LISTEN. It's Opening Day, deja vu all over again. Yogi probably didn't say that ("I didn't say everything I said") but Mr. Cub definitely did say let's play two! Lucky me, I get to play four today and tonight.
Nearly every philosopher-poet worth his salt has voiced similar sentiments. Erasmus recommended a little walk before supper and “after supper do the same.” Thomas Hobbes had an inkwell built into his walking stick to more easily jot down his brainstorms during his rambles. Jean- Jacques Rousseau claimed he could only meditate when walking: “When I stop, I cease to think,” he said. “My mind only works with my legs.” Søren Kierkegaard believed he’d walked himself into his best thoughts. In his brief life Henry David Thoreau walked an estimated 250,000 miles, or ten times the circumference of earth. “I think that I cannot preserve my health and spirits,” wrote Thoreau, “unless I spend four hours a day at least – and it is commonly more than that – sauntering through the woods and over the hills and fields absolutely free from worldly engagements.” Thoreau’s landlord and mentor Ralph Waldo Emerson characterized walking as “gymnastics for the mind...”

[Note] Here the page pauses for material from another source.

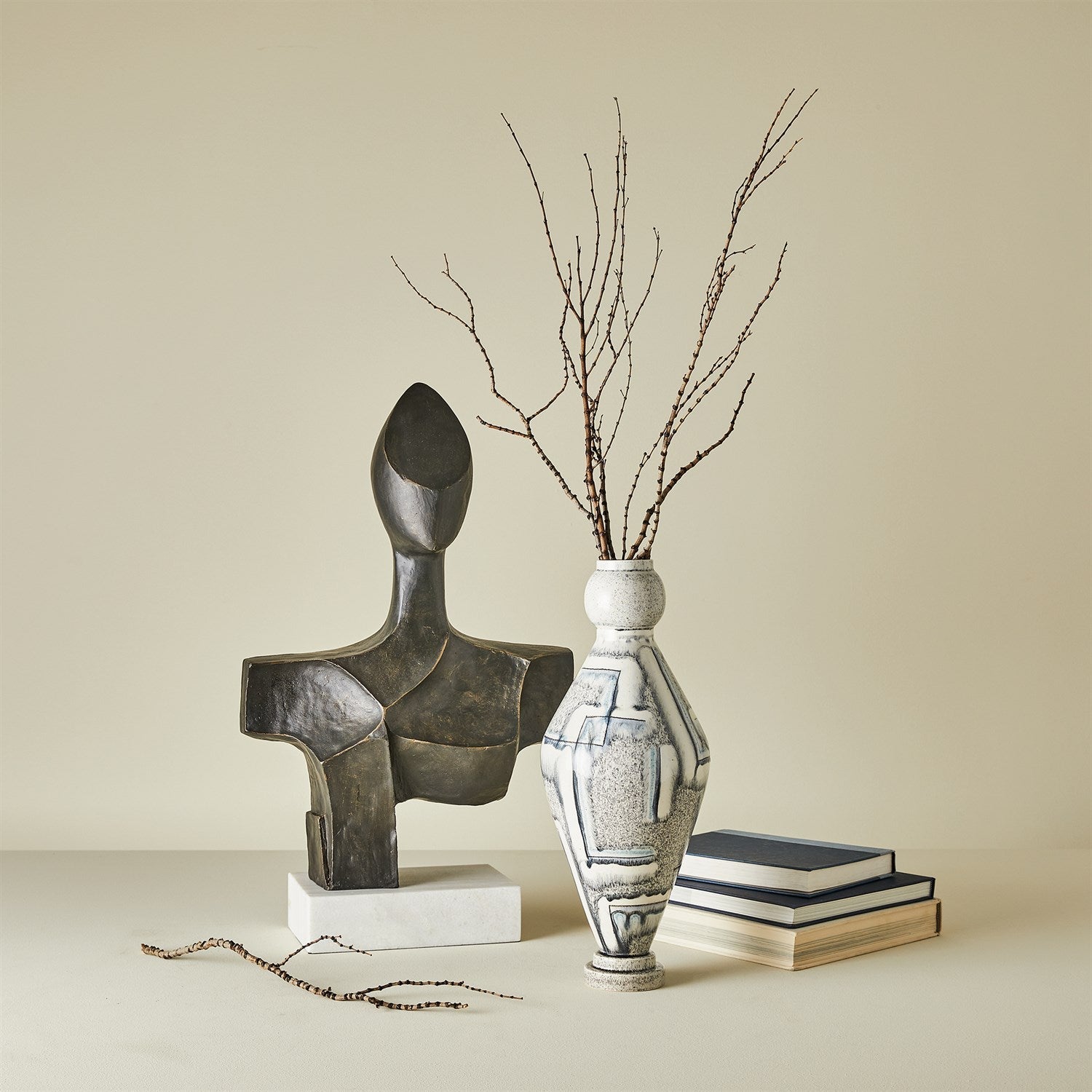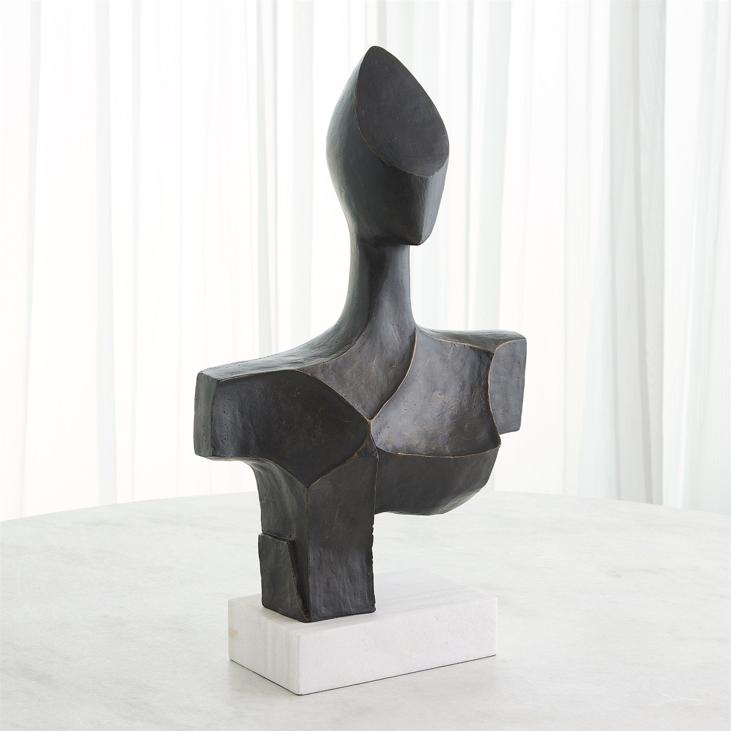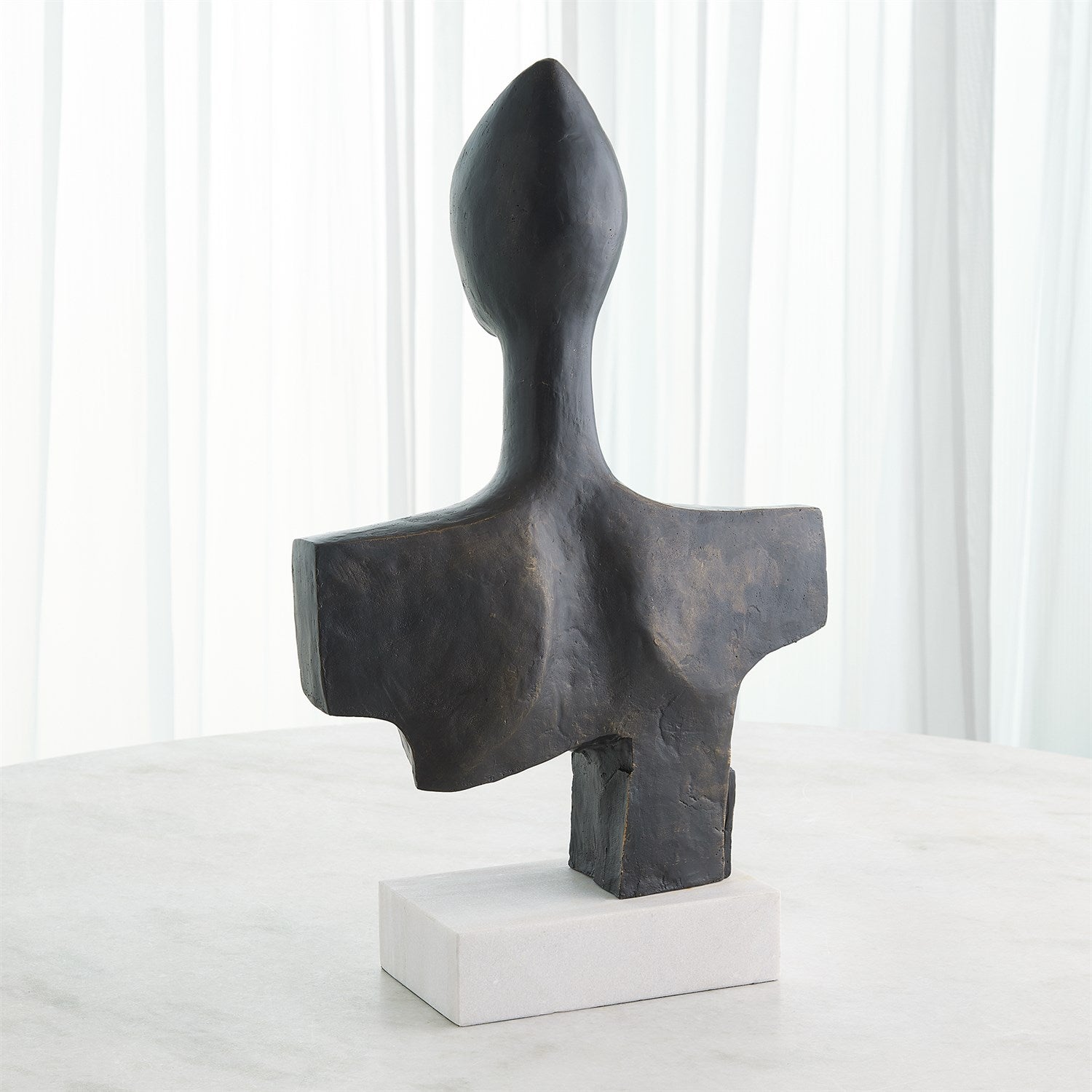The Expressionist Beauty sculpture is a stunning statement piece handcrafted from cast iron with a rich bronze finish beautifully supported by a white marble base. This captivating work of art adds a touch of sophistication and artistic flair to any space.

"Gymnastics for the mind" could just be another name for philosophy, which I follow William James in defining simply as "an unusually stubborn effort to think clearly." And sometimes, philosophy is an equally stubborn effort to stop over-thinking. Woody Allen's character (in Manhattan was it, Ed?) said the brain is our most over-rated organ.
Another baseball sage, Johnny Damon, once said that thinking too much only hurts the team. "Ninety percent mental"? We'll see about that too.